## Stored data
# # #

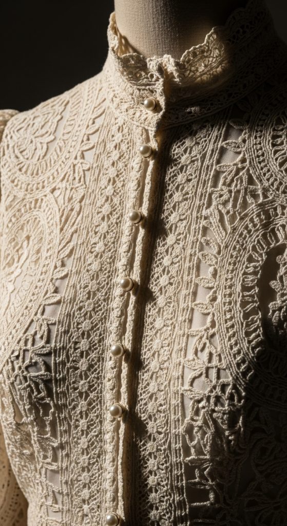 This blouse is the height of sophistication. Featuring a high neck and delicate lace clusters, it mimics the intricate styles of the 1900s but with a modern, lightweight twist. Itโs perfect for pairing with high-waisted trousers.
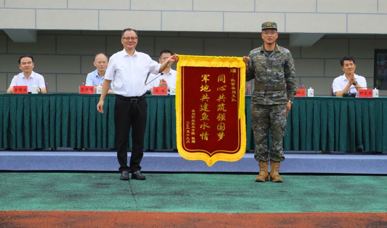 9月29日下午,我校2025级新生军训总结表彰大会在田径场隆重举行。参训新生以昂扬的精神状态、崭新的精神风貌展示汇报了军训成果。校党委书记张涛代表学校向武警泰州支队赠送锦旗,校党委副书记、校长吕林主持大会,武警泰州支队参谋长孔弼文及全体校领导出席大会。
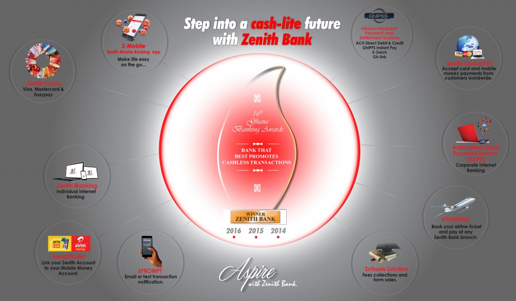 Zenith Bank believes the momentum that digital finance has gained in Ghana will remain strong for years to come, driven by government and regulatory initiatives, innovation by service providers, increasing financial literacy, and an improving economy. The bank will stand ready to take advantage of both the opportunities and challenges this evolution will certainly present, by continuously investing in its people and infrastructure, innovating its products and services, exploring strategic partnerships, and putting the customer at the heart of everything it does. Being adjudged “The Bank That Best Promotes Cashless Transactions in Ghana” at the 16th Ghana Banking Awards, which is the third consecutive success, underscores the Bank’s leadership in digital finance in the Ghanaian banking industry.
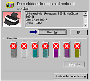 Als de inkt (bijna) op is, verschijnt onder het tekstvak een knop Hoe. Als u op Hoe klikt, wordt u door EPSON Status Monitor 3 stap-voor-stap begeleid bij de procedure voor het vervangen van de cartridge.
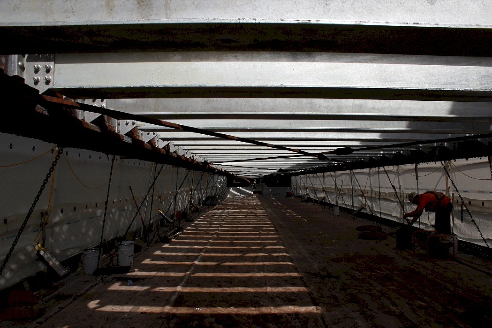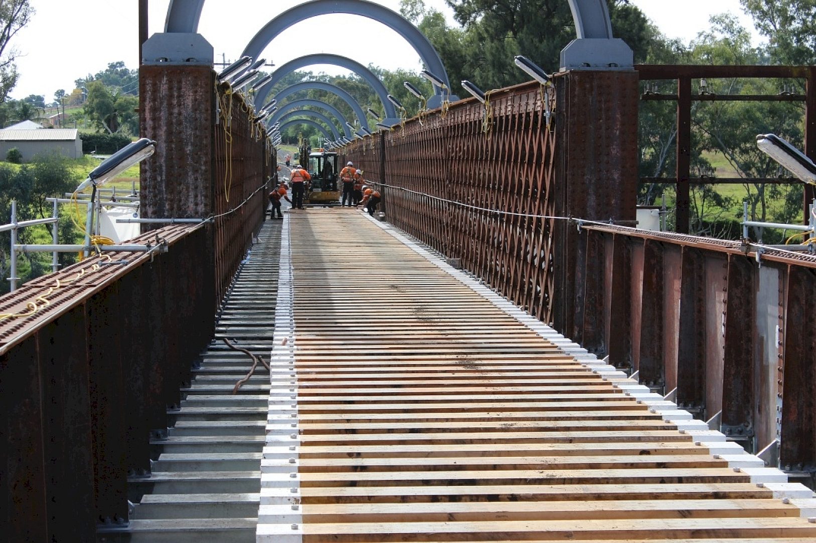 Given the critical nature of the bridge link, work had to be completed in the shortest possible timeframe. As planned, the bridge was out of action for just 16 days to carry out replacement of the entire steel deck. The successful completion followed 18 months of planning and seven weeks of pre-work on the site. During the 16-day outage, two crews of 20 people worked round-the-clock in a coordinated replacement of the steel cross-members, stringers and timber transoms.

# # #

## Work to be completed
Within the listing above, the lines from the one with "9月29日下午,我校2025" through the one with "Zenith Bank believes" are to be given again word for word. Do not include pictures.

## Exercise output
 9月29日下午,我校2025级新生军训总结表彰大会在田径场隆重举行。参训新生以昂扬的精神状态、崭新的精神风貌展示汇报了军训成果。校党委书记张涛代表学校向武警泰州支队赠送锦旗,校党委副书记、校长吕林主持大会,武警泰州支队参谋长孔弼文及全体校领导出席大会。
 Zenith Bank believes the momentum that digital finance has gained in Ghana will remain strong for years to come, driven by government and regulatory initiatives, innovation by service providers, increasing financial literacy, and an improving economy. The bank will stand ready to take advantage of both the opportunities and challenges this evolution will certainly present, by continuously investing in its people and infrastructure, innovating its products and services, exploring strategic partnerships, and putting the customer at the heart of everything it does. Being adjudged “The Bank That Best Promotes Cashless Transactions in Ghana” at the 16th Ghana Banking Awards, which is the third consecutive success, underscores the Bank’s leadership in digital finance in the Ghanaian banking industry.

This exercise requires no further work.